Charlie Purves

Personal information
- Full name: Charles Reuben Purves
- Date of birth: 17 February 1921
- Place of birth: High Spen, County Durham, England
- Date of death: 20 June 2013 (aged 92)
- Place of death: Southampton, England
- Height: 5 ft 6 in (1.68 m)
- Position: Inside forward

Youth career
- Newcastle United
- Shildon
- Walker Celtic
- Spennymoor United

Senior career*
- Years: Team / Apps / (Gls)
- 1946–1951: Charlton Athletic / 46 / (4)
- 1951–1954: Southampton / 30 / (2)
- 1954–1956: Sittingbourne
- 1956–1957: Margate
- 1957: Chatham Town
- 1957–1961: Dorchester Town
- 1961–1963: Ford Sports
- 1963–19??: Basingstoke Town

= Charlie Purves =

English footballer (1921-2013)

Charles Reuben Purves (17 February 1921 – 20 June 2013) was an English footballer who played as an inside-forward in the 1940s and 1950s. He played in the Football League for Charlton Athletic and Southampton.

==Playing career==
Purves was born in High Spen, County Durham and as a child was a keen supporter of his local club, Newcastle United. Although he was taken on by them as a trainee, he failed to make the grade but played youth football for various clubs in the north-east.
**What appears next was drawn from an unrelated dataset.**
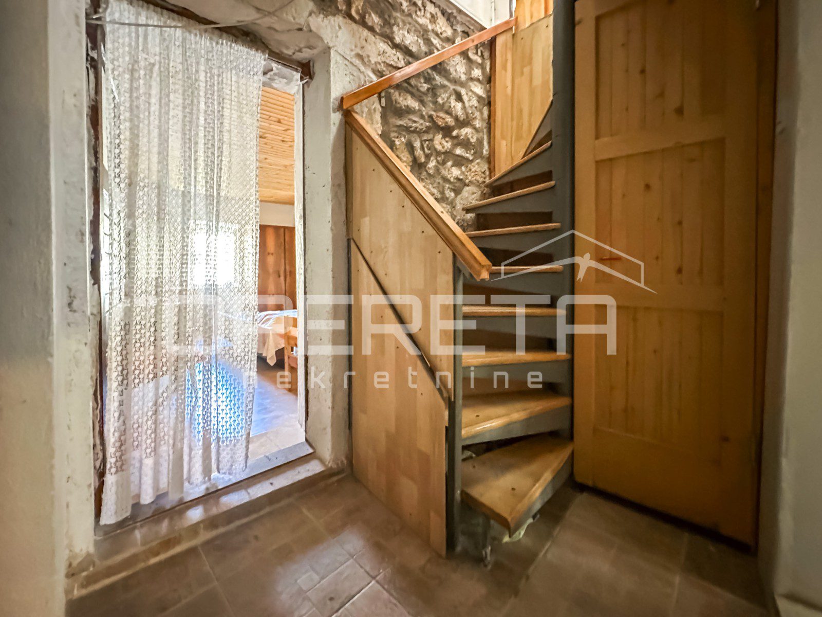 Kuća se prostire na tri etaže: prizemlje, prvi i drugi kat. U prizemlju se nalazi prostrani dnevni boravak, kuhinja s blagovaonicom te kupaonica . Unutarnje stepenice vode na prvi kat gdje su smještene dvije spavaće sobe i dodatno kupatilo.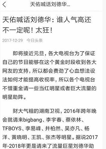 刘德华都敢碰?天佑再登新闻头条,被指怼刘德华:谁人气高还不一定呢?老利私下给崔阿扎发huang片!看没看? 众悦八卦 港台男星 2017-12-30 18:59:46 680 创作不易,用心坚持,欢迎请BaGua喝几杯爱心咖啡!打赏并支持本文 打赏并删除本文 点击上方"众悦八卦"关注我网易今日头条等三家媒体报道,天佑在直播间怼刘德华,因听说刘德华要去湖南卫视跨年,天佑怒怼:年轻人的天下,谁人气高还不一定呢!小编并未见到YY新闻媒体的报道,不敢随意评价。 老利连麦崔阿扎,说自己给阿扎发黄片,阿扎也看了...崔阿扎:你都快当爷爷的人了,还能总看那个?? 创作不易,用心坚持,欢迎请BaGua喝几杯爱心咖啡!打赏并支持本文 打赏并删除本文 感谢您的支持鼓励,我会继续努力的!文章地址:用户邮箱:打赏金额:USDT 请输入数字点击”去打赏“,即可进行打赏支持本文章哦 刘德华 About the Author 众悦八卦 功能介绍:每日更新:最新影视,网红八卦,YY八卦,直播新闻,主播八卦,娱乐资讯,娱乐节目,我们生产快乐,传递快乐,请持续关注! Related Posts 实力歌手李宗盛将为芮甜甜写歌?挺哥现实认识?舍得大爷儿子大婚~漂亮新娘帅气新郎曝光 2018-10-29 17:30:39 刘德华都敢碰?天佑再登新闻头条,被指怼刘德华:谁人气高还不一定呢?老利私下给崔阿扎发huang片!看没看? 2017-12-30 18:59:46 阿哲爆料巡查组人数高达100人!喊话八卦主播:别提我,要不然我比谁送你们进去都快!阿哲提主持欢迎事件:你拿人当人就得欢迎啊! 2017-10-17 19:04:47 发表评论

In October 1946, he moved to London to join First Division club Charlton Athletic. In his first season at The Valley, Charlton won the FA Cup, defeating Burnley 4–0 in the Final. Purves was not in the team for the semi-final match against his boyhood heroes, Newcastle United, and turned up to watch the match at Elland Road, Leeds wearing a Newcastle United rosette, much to the displeasure of Charlton's manager, Jimmy Seed.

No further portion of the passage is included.